Clearing these bits in CPUID has no effect on the operation of the guest;
if these bits are set on hardware, the features will not be present on
any virtual machine that runs on that hardware.
**Workaround:** It is recommended to always set these bits in guest CPUID.
Note however that any software (e.g ``WIN87EM.DLL``) expecting these features
to be present likely predates these CPUID feature bits, and therefore
doesn't know to check for them anyway.
``KVM_SET_VCPU_EVENTS`` issue
-----------------------------
Invalid KVM_SET_VCPU_EVENTS input with respect to error codes *may* result in
failed VM-Entry on Intel CPUs. Pre-CET Intel CPUs require that exception
injection through the VMCS correctly set the "error code valid" flag, e.g.

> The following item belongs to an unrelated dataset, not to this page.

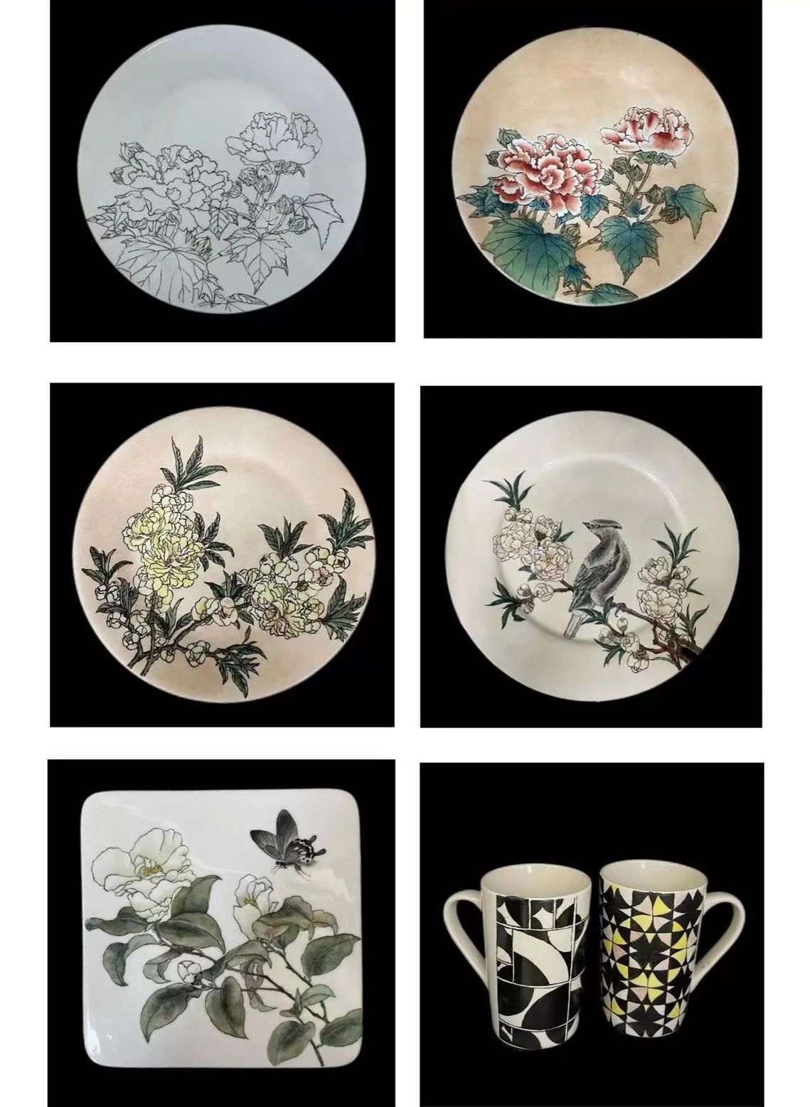 5、把白描图案有取舍的转移到陶瓷产品上,帮助员工把纯艺术思维转化为设计思维。

require the flag be set when injecting a #GP, clear when injecting a #UD,
clear when injecting a soft exception, etc. Intel CPUs that enumerate
IA32_VMX_BASIC[56] as '1' relax VMX's consistency checks, and AMD CPUs have no
restrictions whatsoever. KVM_SET_VCPU_EVENTS doesn't sanity check the vector
versus "has_error_code", i.e. KVM's ABI follows AMD behavior.
Nested virtualization features
------------------------------
TBD
x2APIC
------
When KVM_X2APIC_API_USE_32BIT_IDS is enabled, KVM activates a hack/quirk that
allows sending events to a single vCPU using its x2APIC ID even if the target
vCPU has legacy xAPIC enabled, e.g. to bring up hotplugged vCPUs via INIT-SIPI
on VMs with > 255 vCPUs. A side effect of the quirk is that, if multiple vCPUs
have the same physical APIC ID, KVM will deliver events targeting that APIC ID
only to the vCPU with the lowest vCPU ID. If KVM_X2APIC_API_USE_32BIT_IDS is
not enabled, KVM follows x86 architecture when processing interrupts (all vCPUs
matching the target APIC ID receive the interrupt).
MTRRs
-----
KVM does not virtualize guest MTRR memory types. KVM emulates accesses to MTRR
MSRs, i.e. {RD,WR}MSR in the guest will behave as expected, but KVM does not
honor guest MTRRs when determining the effective memory type, and instead
treats all of guest memory as having Writeback (WB) MTRRs.
CR0.CD
------
KVM does not virtualize CR0.CD on Intel CPUs. Similar to MTRR MSRs, KVM
emulates CR0.CD accesses so that loads and stores from/to CR0 behave as
expected, but setting CR0.CD=1 has no impact on the cachaeability of guest
memory.
Note, this erratum does not affect AMD CPUs, which fully virtualize CR0.CD in
hardware, i.e. put the CPU caches into "no fill" mode when CR0.CD=1, even when
running in the guest.